Yes, it’s 2018 but it’s still a man’s world out there for female students.
Despite making big educational gains over the last few decades, women are still lagging behind compared to men in the careers they pursue and the wages they are paid in thereafter. The gender wage gap persists (though narrowed) and discrimination still exists from university to the boardroom.
If you’re a female international student planning to enrol in an American university or to work in the US after graduating, take note of these facts (courtesy of the Georgetown University Center on Education and the Workforce) below before planning your next move:
1. Field of study: More women than ever are majoring in traditionally men-dominated fields, but they’re still applying for jobs in the lowest-earning fields.
Despite women outnumbering men at all levels of post-secondary education, they are still working in jobs that pay much lower. The playing field is still not level although nearly half of business majors and nearly two-fifths of majors in the physical sciences are women.
We can now be proud that in 1970, only one percent of workers in the field of engineering are women but today, it’s 17 percent.
Nonetheless, women also make up the bulk of workers in the lowest-earning fields – education, psychology, and social work. All three have some of the lowest salaries across the board and more than 70 percent of workers here are women.
2. Majors within fields of study: Women are more likely to choose the least well-paying majors within high-paying fields
What this means is that although they are applying to study in high-paying fields like engineering, when it comes to their majors, they are more likely to choose the least lucrative ones. For example, women make up 32 percent of environmental engineering majors, the lowest-paying engineering major. Whereas among the highest-paying engineering major – ie. petroleum engineering – only 17 percent are women.
The impact on their wages is significant. Mean earnings among women environmental engineers were US$62,000 in 2016, while their male counterparts took home US$93,000 annually. Among petroleum engineers, women took home mean earnings of US$167,000 while men were paid US$189,000 per year.
3. Occupation: Women are less likely to work in highest-paying occupations in high-paying career fields compared to men.
The legal arena gives us a great illustration of how women are still victim to the persistent gender wage gap. According to the report:
“Part of the answer to the persistent gender wage gap is that, even when women enter higher-paying fields, they are more likely to gravitate toward lower-paying occupations compared to men. Take law, for instance: female lawyers earn more than twice as much (US$126,000) as paralegals and legal assistants ($52,000), but women nevertheless compose a much larger share of paralegals and legal assistants. They make up 85 percent of paralegals and legal assistants and only 44 percent of lawyers.”
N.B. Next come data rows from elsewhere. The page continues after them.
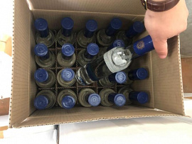 На территории кооператива, расположенного в Ленинском районе областного центра, полицейские обнаружили и изъяли из машины и гаражного бокса подозреваемого около 120 пятилитровых канистр, а также свыше 1600 немаркированных бутылок разного объёма, оклеенных этикетками разных производителей водки. Исследование, проведённое сотрудниками экспертно-криминалистического центра УМВД России по Смоленской области, показало, что в ёмкостях находилась алкогольная продукция с содержанием этилового спирта от 32 % до 35 %.
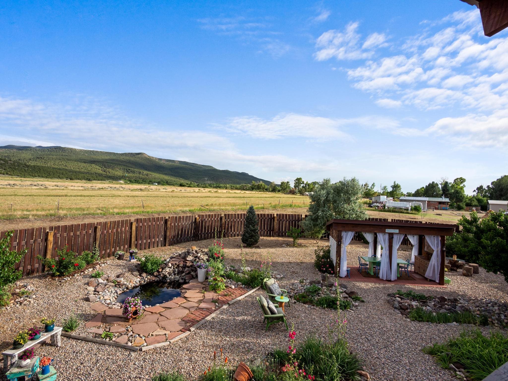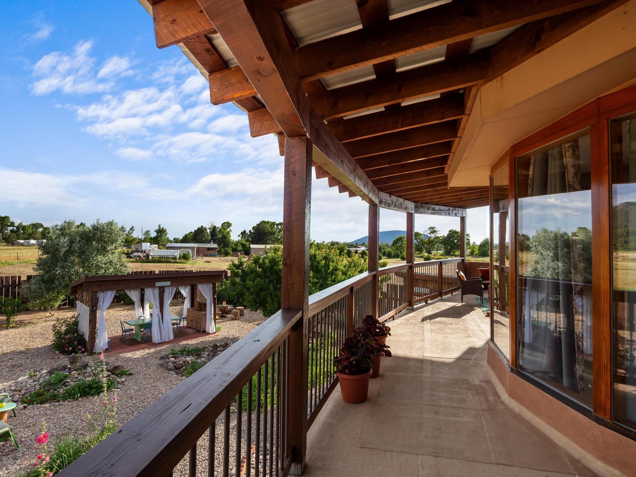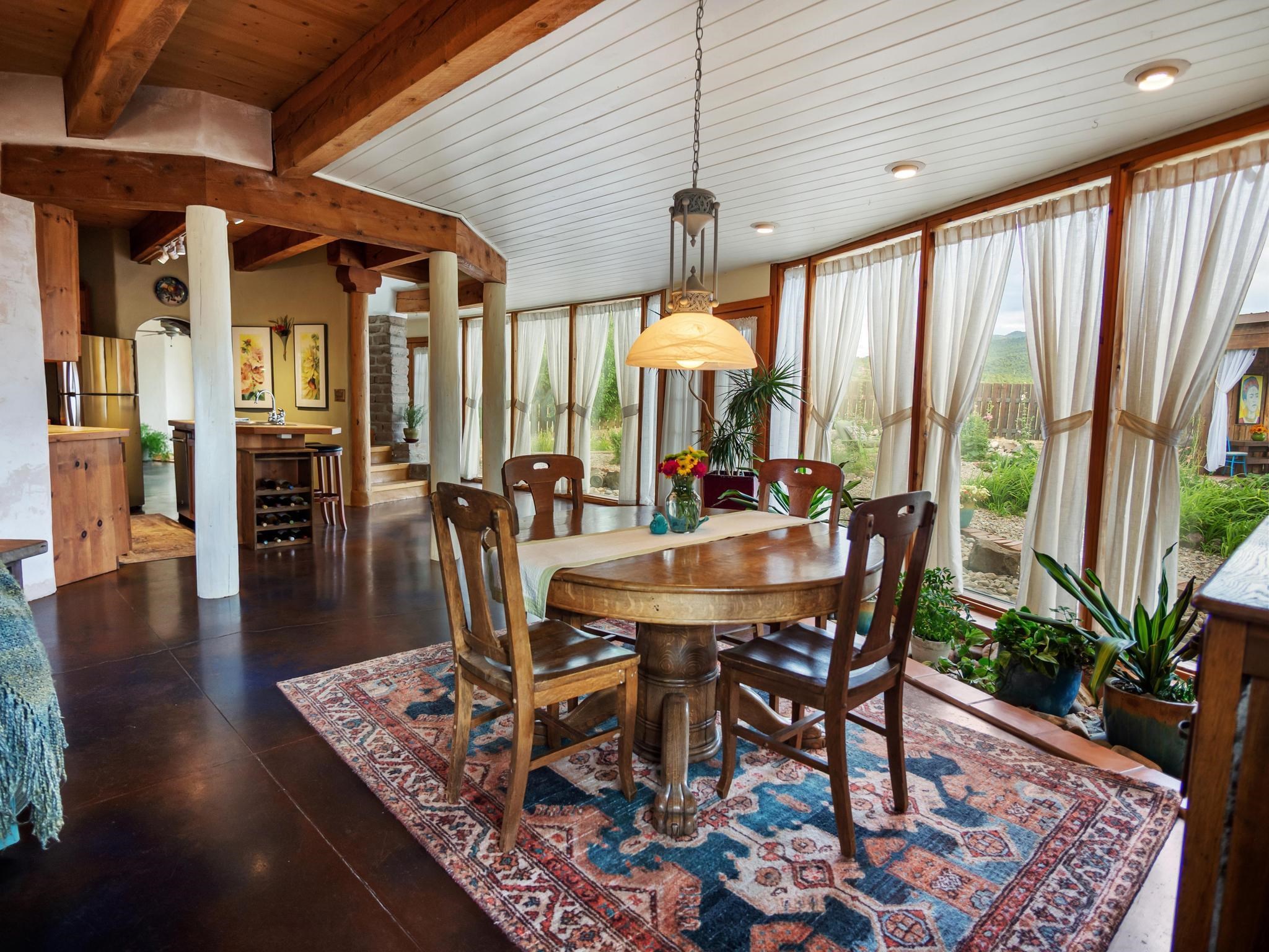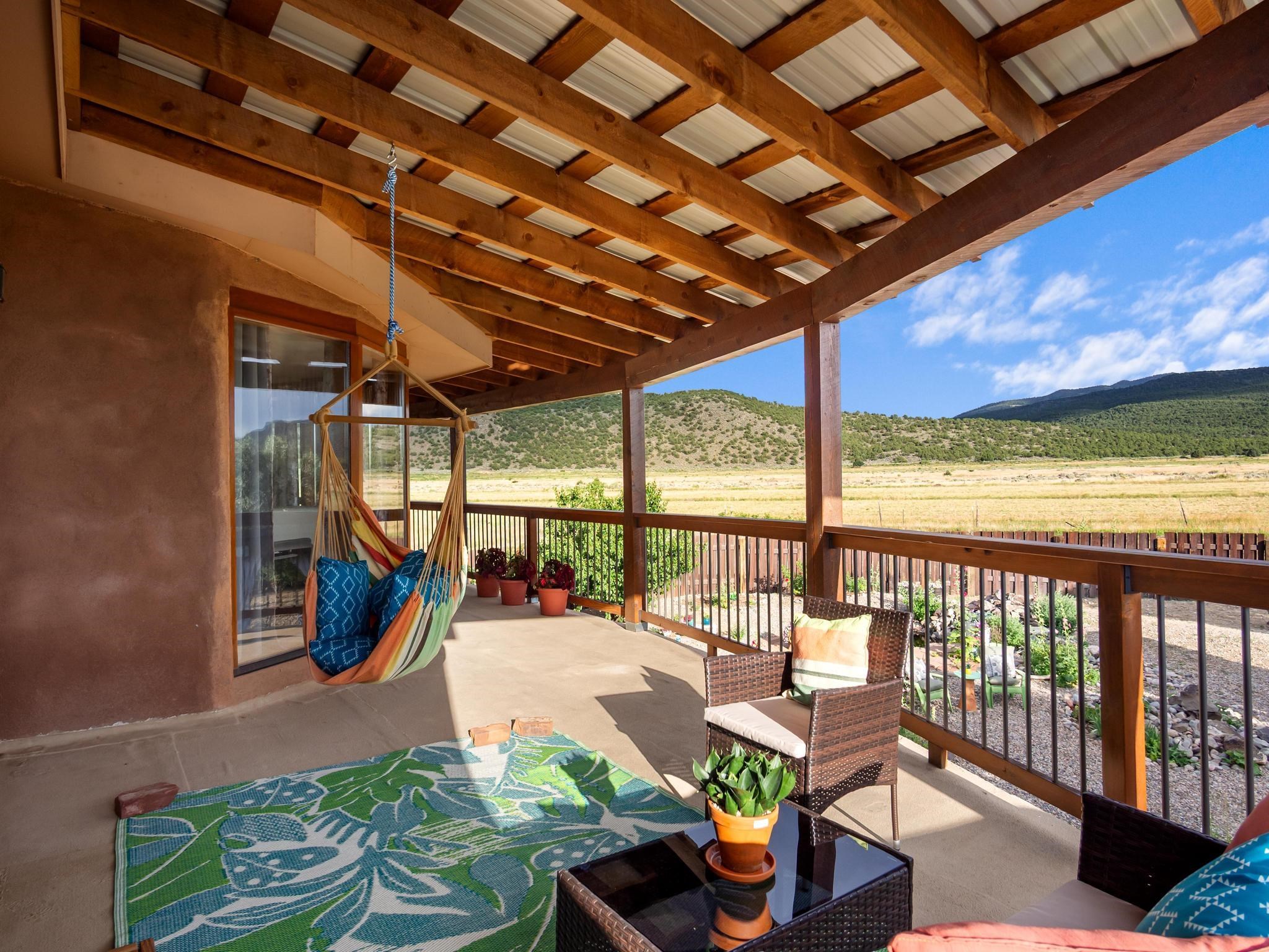 47B is located on The Poleo, the most desirable place in Costilla. One may walk down the road to trout fishing, or hunt elk and mule deer in the pasture. The 2484 square foot, two-story home is a well-functioning passive solar design, featuring a south-facing wall of floor-to-ceiling windows. The built-in planters, dark cement floors, and center adobe core collect heat during the day and release it at night. The windows are calibrated to facilitate solar gain through the seasons. This one-of-a-kind home features tongue and groove ceilings with exposed beams that add warmth and character throughout. The layout is part open-plan, with everything radiating from the circular kitchen at the heart of the home. The kitchen includes a newly updated gas range and stainless steel appliances. There are three bedrooms and two full bathrooms. The main floor includes a bedroom conveniently located next to the downstairs bath. Upstairs, a Jack and Jill bathroom with beautiful tile work and a jetted tub connects two additional bedrooms, along with a bright sunroom that opens to a full-length covered balcony with stunning views. Comfort is ensured year-round with two mini-split systems, as well as a wood-burning fireplace for cozy winter nights. The outdoor living area is just as special, featuring a fenced-in garden and yard space with a pergola-covered dining area--perfect for enjoying the fresh mountain air. The views from this property are truly outstanding in every direction. This property includes an expansive 18.47-acre parcel of lush pastureland bordering the Rio Costilla Cooperative Livestock Association (RCCLA), offering direct access to prime elk habitat. This unique property conveys with an existing elk hunting tag, making it an exceptional opportunity for sportsmen, ranchers, and conservation-minded buyers alike.
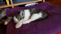 Mačić je privremeno smješten kod mene, ali kako ja imam peseka nikako nije trajno rješenje, zato molim za pomoć.
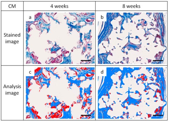 Figure 9 shows an enlarged image of the region selected in Figure 8 and an image obtained by analyzing the corresponding portion with inForm. Cells and fibrous substances existed mainly in the periphery of CM in the CM group at 4 and 8 weeks, whereas in the Sf-TCP group, cells and fibers entered into the pores of Sf-TCP.
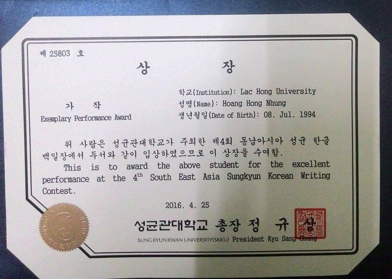 Sinh viên ngành Hàn Quốc học đạt giải Khuyến khích Cuộc thi Viết tiếng Hàn Sung Kyun Kwan KV ĐNA
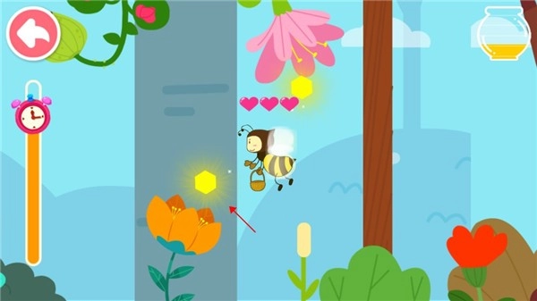 小蜜蜂饿得不行啦,宝宝快带它去找点吃的吧!要注意哦,前面有陷阱,宝宝赶紧滑动手指,控制小蜜蜂的飞行方向,太棒啦,成功吃到食物啦!

Similarly, 27 percent of chief executive officers are women and 43 percent of physicians and surgeons are women. Compare that with how they dominate lower-paying occupations: 59 percent of market research analysts and marketing specialists as well as 89 percent of registered nurses are women.
4. Discrimination: Women can do everything “right” but still get paid less.
Even though they choose a high-paying field of study, a high-paying major within that field and get a job in a high-paying occupation, they are still paid less than their male peers.
“If a man and woman who are equally qualified get the same job, the woman still only earns 92 cents for every dollar the man is paid—more than 81 cents, to be sure, but a far cry from earnings equality,” the report wrote.
Women are found to still earn just 81 cents for every dollar earned by men based on the traditional definition of the gender wage gap. The gap is narrowed to 92 percents when factors like educational attainment, choice of major, and job tenure are controlled.